The idea of (non-processed) meat in the morning is only odd because we’ve been hoodwinked into thinking cardboard-tasting baked goods and cereals are actually nice.
8. Cook it the night before
If time is at such premium in the morning that even a green smoothie takes too long, then prep it the night before.
Boil three or four eggs in their shells for around 12 minutes, dry with kitchen towel and then put in the fridge overnight. Grab them on your way out of the door and you’ve got a quick breakfast to have at work (with a little salt and pepper).
9. Bircher
Also made the night before, bircher takes a little prep but is super-healthy, transportable and a batch lasts a few days.
Oats, freshly squeezed orange & lemon juice, grated green apple, honey, slivvered almonds, plain yogurt and milk (buttermilk) are mixed together and refridgerated overnight.
Test the consistency in the morning, adding more liquid as needed and then add fresh berries.
10. No breakfast at all
Not dissimilar to intermittent fasting (but, heck, I’m running out of breakfast suggestions), skipping breakfast might not be the cardinal sin your Mummy told you it was back in the day.
On the contrary, pushing on to lunchtime powered only by coffee, especially as guys get older, bizarrely, seems to keep them lean and taut as all the fasting benefits start to kick in and you use stored fat for energy instead of easy carbs.
In Tim Ferriss podcast interviews with General Stanley McCrystal and Pavel Ttatsouline, both cruise through the morning fuelled only by strong coffee.
Lunch
11. The 5 minute lunch
1 can Sirena tuna, 1 can Edgells Four Bean Mix, 1 tub of microwave rice, handful of pre-grated cheese = macros hit, fibre hit, slow release energy hit.
12. The ‘big ole salad’
If you can train yourself to order a salad every time you find yourself in the foodcourt or somewhere similar at lunchtime, I don’t think you’ll go far wrong.
This is easier said than done, of course.
13. No fries with that
Similar to #12, every time you are offered a choice of sides with a meal, make sure you gravitate towards the healthy option.
For example, you order the daily roast special and they give you the options of fries or roasted vegetables.
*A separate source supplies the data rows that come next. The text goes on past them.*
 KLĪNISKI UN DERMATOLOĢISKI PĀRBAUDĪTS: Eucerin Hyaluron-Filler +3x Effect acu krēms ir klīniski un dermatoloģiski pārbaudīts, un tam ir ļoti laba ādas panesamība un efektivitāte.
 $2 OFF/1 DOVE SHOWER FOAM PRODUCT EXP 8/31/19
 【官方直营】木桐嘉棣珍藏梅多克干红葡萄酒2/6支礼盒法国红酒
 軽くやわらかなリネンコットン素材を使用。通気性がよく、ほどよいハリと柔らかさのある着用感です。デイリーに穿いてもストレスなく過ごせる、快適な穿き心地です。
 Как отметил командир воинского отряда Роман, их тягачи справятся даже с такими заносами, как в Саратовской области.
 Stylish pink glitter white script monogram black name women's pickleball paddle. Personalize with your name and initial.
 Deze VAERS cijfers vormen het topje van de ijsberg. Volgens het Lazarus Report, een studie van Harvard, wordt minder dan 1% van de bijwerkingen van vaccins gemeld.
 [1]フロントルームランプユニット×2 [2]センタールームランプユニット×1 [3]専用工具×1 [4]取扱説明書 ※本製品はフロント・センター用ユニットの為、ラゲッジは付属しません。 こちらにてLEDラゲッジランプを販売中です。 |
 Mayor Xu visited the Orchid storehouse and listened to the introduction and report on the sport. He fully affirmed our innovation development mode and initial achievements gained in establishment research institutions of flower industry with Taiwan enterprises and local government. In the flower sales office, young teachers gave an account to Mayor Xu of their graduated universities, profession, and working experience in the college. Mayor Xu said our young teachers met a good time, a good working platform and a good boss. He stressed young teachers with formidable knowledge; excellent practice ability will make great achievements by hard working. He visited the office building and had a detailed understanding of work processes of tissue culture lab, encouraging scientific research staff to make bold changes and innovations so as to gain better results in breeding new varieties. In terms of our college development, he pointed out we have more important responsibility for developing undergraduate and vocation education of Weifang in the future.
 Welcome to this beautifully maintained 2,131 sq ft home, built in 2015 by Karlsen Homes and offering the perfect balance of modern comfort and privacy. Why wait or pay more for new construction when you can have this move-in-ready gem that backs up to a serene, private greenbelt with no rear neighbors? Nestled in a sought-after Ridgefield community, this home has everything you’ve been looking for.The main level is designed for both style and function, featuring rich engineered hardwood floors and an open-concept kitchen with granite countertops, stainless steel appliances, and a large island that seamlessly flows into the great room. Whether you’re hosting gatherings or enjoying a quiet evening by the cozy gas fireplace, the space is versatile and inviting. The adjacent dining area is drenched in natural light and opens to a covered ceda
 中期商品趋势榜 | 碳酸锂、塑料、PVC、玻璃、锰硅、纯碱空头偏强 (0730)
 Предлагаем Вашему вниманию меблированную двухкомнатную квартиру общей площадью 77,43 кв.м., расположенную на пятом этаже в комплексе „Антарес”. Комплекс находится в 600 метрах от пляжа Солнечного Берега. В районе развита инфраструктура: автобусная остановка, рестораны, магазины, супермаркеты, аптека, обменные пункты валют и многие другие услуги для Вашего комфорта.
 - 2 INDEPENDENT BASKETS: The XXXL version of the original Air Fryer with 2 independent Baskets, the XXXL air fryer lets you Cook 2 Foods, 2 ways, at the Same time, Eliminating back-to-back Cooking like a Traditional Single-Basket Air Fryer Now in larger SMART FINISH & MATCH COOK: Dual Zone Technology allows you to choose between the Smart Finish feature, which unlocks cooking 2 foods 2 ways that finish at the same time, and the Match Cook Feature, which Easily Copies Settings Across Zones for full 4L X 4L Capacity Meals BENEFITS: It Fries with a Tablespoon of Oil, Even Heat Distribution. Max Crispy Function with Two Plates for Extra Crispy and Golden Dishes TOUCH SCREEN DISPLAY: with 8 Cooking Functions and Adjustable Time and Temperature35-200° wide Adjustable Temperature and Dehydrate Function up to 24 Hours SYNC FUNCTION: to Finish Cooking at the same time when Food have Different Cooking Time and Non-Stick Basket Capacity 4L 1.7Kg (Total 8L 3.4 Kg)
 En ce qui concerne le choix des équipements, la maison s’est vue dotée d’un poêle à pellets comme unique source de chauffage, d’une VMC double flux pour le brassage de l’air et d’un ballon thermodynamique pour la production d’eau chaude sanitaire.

It’s simple: STAY. AWAY. FROM. THE FRIES.
Just because it’s simple, doesn’t make it easy. But you’ve got to try it once. and then repeat. Then you’ve got yourself the onset of a habit.
14. Avoid the foodcourt
If willpower ain’t your bag (and, I’ll freely admit, it’s not my strong suit), then keep yourself out of temptation’s grabby claws by avoiding places where you can make nutritional mistakes during the lunch hour.
15. Carb up
If weight-loss is our goal, we need to be mindful about consuming too many carbs late at night. This applies predominantly to ‘stealth’ carbs like beer or chocolate, but also includes things like pasta and white potatoes.
So I’d consider making lunch your most carb-laden meal of the day. Just to be on the safe side.
[Note: just to be clear, ‘carbs’ covers a wide gamut – if your evening carbs are from vegetables and brown rice, then you probably don’t have too much to worry about].
Dinner
16. The One Tray Dinner
Prepping a meal can be the last thing you fancy after a rough day at work or if you’ve got kids causing havoc around you.
Enter the ‘one pan wonder’ a full meal cooked entirely in a single roasting tray or pan. Simply chop three or four types of vegetable and put in one half of the pan and then season chicken breasts (for example) in the other half of the pan, and bake the lot for 30-35 minutes.
This is cooking-for-dumbies at it’s finest, yet it tastes delicious.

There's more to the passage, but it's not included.